In case farmers organize themselves in a small cooperative where four farms share the same PtH2 infrastructure to supply fuel for their agricultural machinery and one FCMV in each farm (case 3b), the system is up-scaled to an optimal configuration of 290 kW electrolyser and 26 m3 (500 bar) of storage capacity. Even though this higher H2 demand does not necessarily result in major changes in the capacity factor of the plant, the specific CAPEX is reduced by 17% compared to sharing the infrastructure with just two farms (case 2b), which in turn proportionally reduces the H2 production costs (Table 6).


TABLE 6. Results of PtH2 plant optimization according to different cases assessed.

New composite materials for compressed H2 storage and reduced use of noble metals like platinum and titanium in PEM electrolysis will result in lower costs in the future (Schmidt et al., 2017; Moradi and Groth, 2019). As no changes in optimal plant configurations were found in 2030 compared to 2020, these technological developments are considered the main reason for the 30% reduction in LCOH2 observed. Interestingly, a previous study from our group based on H2 production without demand constraints, showed a lower reduction of 18% in production costs when comparing 2020 and 2030 technological scenarios (Janke et al., 2020). In that case, the higher capacity factor of the electrolyser (≥75%) increased the total expenses with electricity purchase, thereby reducing the effect of CAPEX on the LCOH2.

Effect of By-Products Recovery

The PtH2 plant produces and delivers H2 according to the demand of FCAM and FCMV, however, the process of water electrolysis also results in O2 production mediated by an exothermic reaction (Eq. 1 described in System Description). As PEM electrolysers are operated under controlled temperature (50–80°C), a water-based cooling system needs to be integrated to avoid overheating of the cell (>100°C), thereby also allowing the recovery of low-temperature waste heat (Buttler and Spliethoff, 2018). The feasibility of valorizing these by-products depends on local demand. For instance, our farm includes intensive tomato cultivation in a greenhouse, which requires temperature control for year-round production. In this case, it is assumed that the electrolyser’s cooling system could be integrated to the heating system of the greenhouse, offsetting the heat required from conventional sources (Wiederholm et al., 2018). Furthermore, O2 use in aquaculture has gained attention in recent years, in particular in recirculating aquaculture systems that require high levels of dissolved oxygen to allow high production densities. As O2 would be usually generated on-site via energy-intensive PSA systems, water electrolysis could partly supply O2 to aquaculture offsetting costs associated with the oxygenation process. Both WH and O2 valorization would positively impact the economic performance of the PtH2 plant. Such benefits in terms of LCOH2 reduction are shown in Figure 7.

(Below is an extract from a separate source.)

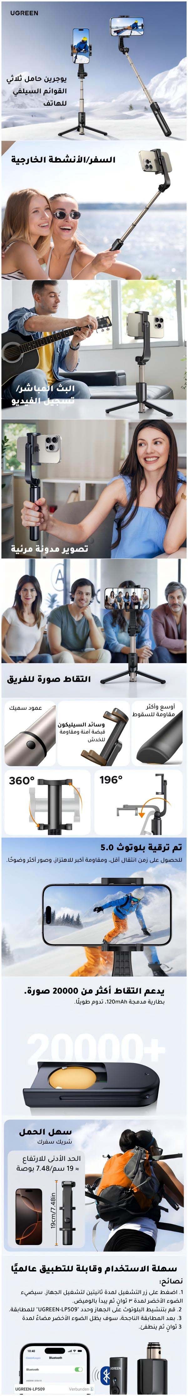 【ما تحصل عليه】1 *يوجرين عصا سيلفي، 1 * دليل المستخدم، ضمان لمدة 24 شهرًا، خدمة عملاء على مدار 24 ساعة، دعم فني مدى الحياة.

FIGURE 7. Effect of by-products recovery on the levelized cost of H2 (LCOH2) according to the different cases assessed. Note: Red dotted lines represent the diesel equivalent price without tax relief (2020–1.35 €/L or 5.33 €/kg H2; 2030–1.62 €/L or 6.40 €/kg H2); black dotted lines represent the diesel equivalent price with tax relief (2020–1.17 €/L or 4.62 €/kg H2; 2030–1.40 €/L or 5.53 €/kg H2); WH–waste heat; O2–oxygen; (-) without; and (x) with.

Independent of the case and/or year assessed recovering O2 showed to be more valuable compared to WH. On average, a reduction by 12% on the LCOH2 was possible by recovering O2, while WH was able to reduce the production costs by approximately 5%. This is mostly explained by the large quantities of O2 generated by the water electrolysis process, i.e., 88% of H2O mass becomes O2. Thus, assuming a price of 0.19 €/kg, O2 recovery substantially improves the economic performance of the process. When both O2 and WH are valorized, the LCOH2 is reduced on average by 17%.

However, diesel is still cheaper than H2 in all cases and years at the given prices. For instance, in 2020 the lowest LCOH2 found in case 3b (11.44 €/kg) was between 2.14 and 2.47 times higher than diesel with and without carbon tax respectively. In 2030, when diesel prices are expected to be 20% higher and H2 production costs 23% lower than in 2020 (case 3b with WH and O2 recovery), such differences are reduced to 1.15–1.33 times higher than diesel depending on the carbon tax scheme considered.

As clearly observed, purchasing diesel is cheaper than on-farm H2 production, for all PtH2 cases and technological scenarios considered. However, due to significant differences in terms of tank-to-wheel efficiency and purchase costs between FCAM and conventional diesel agricultural machinery, further analysis is required to understand the competitiveness of small-scale H2 production for farming activities.

Equivalent Annual Cost

The equivalent annual cost (EAC) was assessed as an additional economic indicator to understand the H2 system from the farmers' perspective. The EAC is used to compare the cost of owning fuel cell or diesel vehicles over the lifetime of the PtH2 plant. In addition, a scenario where farmers finance H2 production and use by means of leasing land to wind power project developers is also considered. Such a business model is considered advantageous for both parties: 1) farmers obtain additional revenues by leasing their land for wind power production; 2) wind power project developers potentially enhance their wind power production by selling curtailed electricity to farmers; 3) farmers can locally produce clean fuel to decarbonize their activities, and 4) support for the wind farm will likely be much greater with local involvement. The EAC according to the different farm cases and technological scenarios assessed are found in Figure 8.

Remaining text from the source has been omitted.